Wolfe sliced my palm, and at first, I felt nothing, but then pain shot through my arm fierce as a lightning bolt.

“Ouch!” I gasped, yanking my hand free. “What in the hells?”

Pain flowed up and down my arm, and my hand burned like fire had scorched my skin. I looked at my hand expecting to see blood pouring from my fresh wound, but the skin had healed up again.

“Elariya, what is it?” Wolfe took my hand and was about to say something more when he noticed I'd healed.

Seething, he released me and cut himself again, only for the same thing to happen. He healed, too. “What the fuck?”

Like a madman, Wolfe grabbed my hand and sliced my palm. Unlike last time, the pain came fast and hard with a force that knocked me to the ground.

I screamed from the agony, grabbing my hand. Wolfe moved toward me, but it was Garrick who got to me first. He'd broken the shield he'd made with Arielle and rushed to my side.

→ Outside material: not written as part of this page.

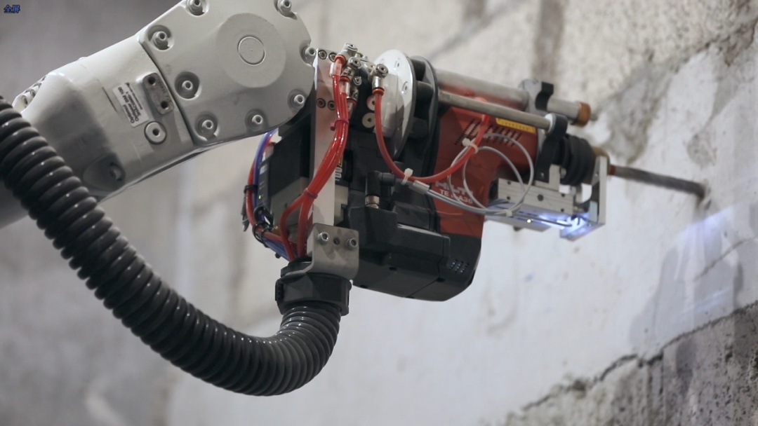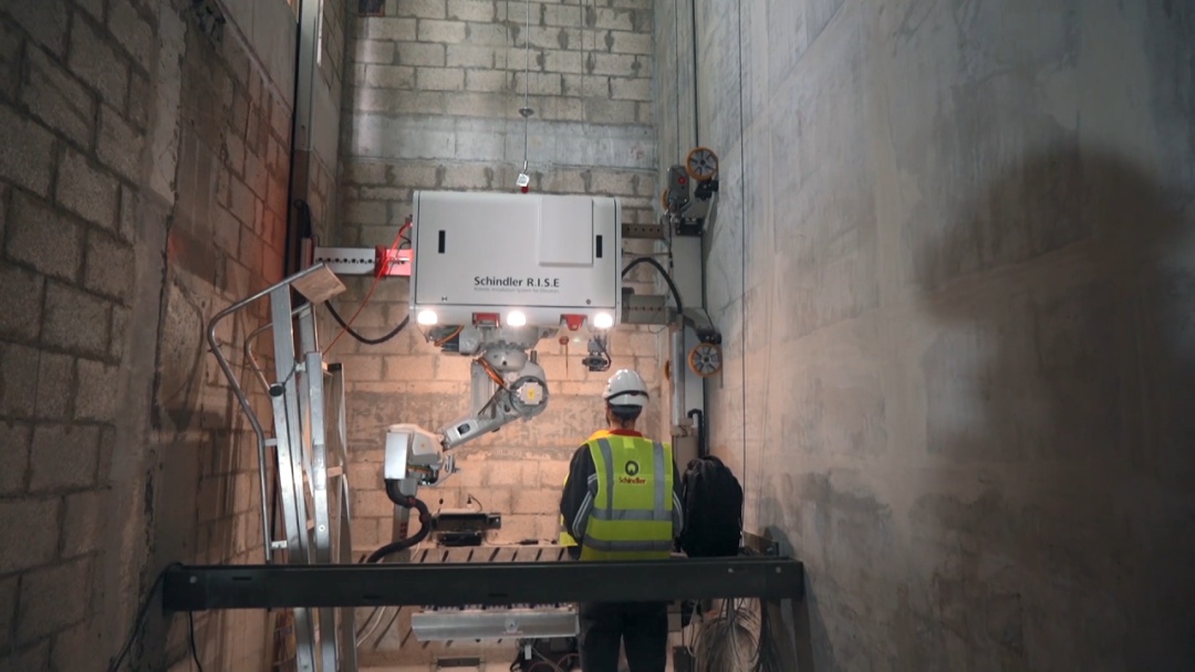 “突!突!突……”在电梯塔楼的井道内,不见人影,但钻孔、安装的声音不绝于耳,原来是迅达电梯的机器人电梯安装系统Schindler R.I.S.E正在井道内忙碌。只见机器人挥舞着机械手臂,给每一个导轨支架和层门钻孔,并安装好一颗颗膨胀螺栓。不一会儿,一整层电梯的螺栓便安装完成。

Holding my hand up to the light, he checked I was okay. “Are you hurt?” He continued inspecting me. “What is?—”

Garrick didn't get to finish his question. A blast of power knocked him away from me, sending him reeling across the hall. He had to unleash his wings to stop himself from crashing into the wall.

I pushed to my feet, thinking one of the banished beings I was cautioned about earlier had escaped the dead planes and was attacking us. Instead, I found a furious-looking Wolfe towering over me, looking like the devil about to release fire from the hottest hell. My chest heaved. Not from the pain, but from him. From the way he looked at me, then at Garrick as though he wanted to incinerate him.

“What the fuck is wrong with you?” Garrick snapped, flying back to us. His wings disappeared the moment his feet touched the ground.

“I'm fairly certain I said don't break your focus.” The growl that tore from Wolfe's throat echoed around the room.